You can use the following 'skeleton':

python
def q_temporal_difference(q_sa: np.array, action: int, reward: float, start_state: int, end_state: int, alpha: float = 0.85, gamma: float = 0.98) -> float:
"""Calculates the q-update.

Args:
q_sa: q-table
action: action we are taking
reward: result of R(s,a,s')
start_state: start state
end_state: end state (after taking action a)
alpha: learning-rate
gamma: discount

Returns:
q-td update value
"""
...


### Part C

Using the functions we implemented above, we want to update the q-table by simply having the agent play the game a lot.

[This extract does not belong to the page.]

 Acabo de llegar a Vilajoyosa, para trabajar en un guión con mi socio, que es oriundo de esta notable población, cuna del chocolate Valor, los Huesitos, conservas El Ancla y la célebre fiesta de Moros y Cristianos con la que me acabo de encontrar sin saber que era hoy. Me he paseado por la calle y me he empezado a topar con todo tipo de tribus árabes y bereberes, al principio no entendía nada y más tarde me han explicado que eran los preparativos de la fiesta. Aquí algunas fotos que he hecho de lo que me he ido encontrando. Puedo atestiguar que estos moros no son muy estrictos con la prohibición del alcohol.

***Implement a q-learning function***, you can use the following 'skeleton' and/or take inspiration from the test_performance implementation.

python
def q_learning(env: gym.Env, policy: Callable, n_episodes: int = 10000, m_ep_length: int = 100) -> np.array:
"""q-learning implementation to update a q-table.

Args:
env: gym environment
policy: policy function
n_episodes: number of episodes to train on
m_ep_length: maximum episode length

Returns:
updated q-table
"""
...


Note that your agent might behave odd (or not work at all), if you use your optimal policy on an empty q-table, so you may want to edit it to take a random action if it has issues differentiating between actions.

### Part D

- Use the updated q-table with the play function and the test_performance function.
- Print out the q-table

Are there any potential problems?
What if you train it again with slippery=True ?

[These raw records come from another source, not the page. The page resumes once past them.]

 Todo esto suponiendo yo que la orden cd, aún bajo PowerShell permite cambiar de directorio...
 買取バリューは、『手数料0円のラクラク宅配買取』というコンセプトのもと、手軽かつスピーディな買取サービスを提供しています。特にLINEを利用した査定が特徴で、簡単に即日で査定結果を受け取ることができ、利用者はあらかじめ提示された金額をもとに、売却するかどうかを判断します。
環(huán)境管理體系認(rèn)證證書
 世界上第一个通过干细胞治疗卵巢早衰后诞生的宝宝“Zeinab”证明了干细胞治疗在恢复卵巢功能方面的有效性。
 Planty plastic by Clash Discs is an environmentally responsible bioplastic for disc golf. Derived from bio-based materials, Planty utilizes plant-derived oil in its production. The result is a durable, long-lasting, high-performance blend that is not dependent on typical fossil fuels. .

(From now on, we will play with a stochastic environment, set slippery=True).

We need some way to encourage exploration, to prevent the agent from only trying to repeat the first sequence that got him to the goal.

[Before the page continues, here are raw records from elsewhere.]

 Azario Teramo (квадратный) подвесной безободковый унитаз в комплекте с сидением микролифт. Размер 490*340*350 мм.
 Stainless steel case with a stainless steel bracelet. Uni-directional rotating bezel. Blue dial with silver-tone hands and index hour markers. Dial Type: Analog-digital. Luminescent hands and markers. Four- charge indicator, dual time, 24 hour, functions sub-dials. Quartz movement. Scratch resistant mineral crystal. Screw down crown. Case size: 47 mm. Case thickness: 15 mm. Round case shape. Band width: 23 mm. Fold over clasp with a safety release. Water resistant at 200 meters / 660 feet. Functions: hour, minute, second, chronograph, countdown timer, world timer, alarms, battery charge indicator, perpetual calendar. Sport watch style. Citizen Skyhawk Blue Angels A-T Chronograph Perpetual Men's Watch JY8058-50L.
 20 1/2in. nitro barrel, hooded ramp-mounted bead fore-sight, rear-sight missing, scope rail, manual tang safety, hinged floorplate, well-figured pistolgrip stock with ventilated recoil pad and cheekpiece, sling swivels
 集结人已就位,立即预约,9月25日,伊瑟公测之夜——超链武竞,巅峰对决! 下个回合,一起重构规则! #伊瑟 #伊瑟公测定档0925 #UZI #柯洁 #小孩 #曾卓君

There are multiple ways to implement this;

1. We can set a static epsilon $\epsilon$ value, and set the action to some random action a if some random number n is below $\epsilon$.
2. We usually want to encourage exploration in earlier training phases, and encourage exploitation in the later ones. We can therefore use a similar approach to 1, but with the addition of decaying $\epsilon$ over time.
3. The third option (non-exhaustive) is to create a policy that picks an action based on a weighted probability-distribution created based on the q-values. The weighting can then change over time to encourage exploration early, and exploitation later. A modified version of this function could also be used when 'playing' the game, if you want a policy that not necessarily always picks the option with the highest utility.

### Part A

***Implement \_one\_ of the functions above***, you can use the following 'skeleton':

python

def epsilon_policy(q_sa: np.array, state: int, env: gym.Env, eps: float = 0.2) -> int:
"""RL epsilon-greedy policy.

Args:
q_sa: q-table
state: current state
env: gym environment
eps: epsilon

Returns:
action with a 1-eps chance of being exploitation, eps chance of being exploration
"""
...



### Part B

- Use the updated q-table with the play function and the test_performance function.
- Print out the q-table

### Part A

***Modify your q-learning algorithm to call test_performance every n-episode. Save this in a table and plot the result using matplotlib.***

We now have a way to calculate the performance over time/training episodes.

### Part B

***Experiment with the different hyperparameters (epsilon, learning-rate, gamma, etc) and compare them using the method in part A.***
You can also try with other versions of the frozen-lake environment (e.g. the 8x8 map), they have a function to create random maps.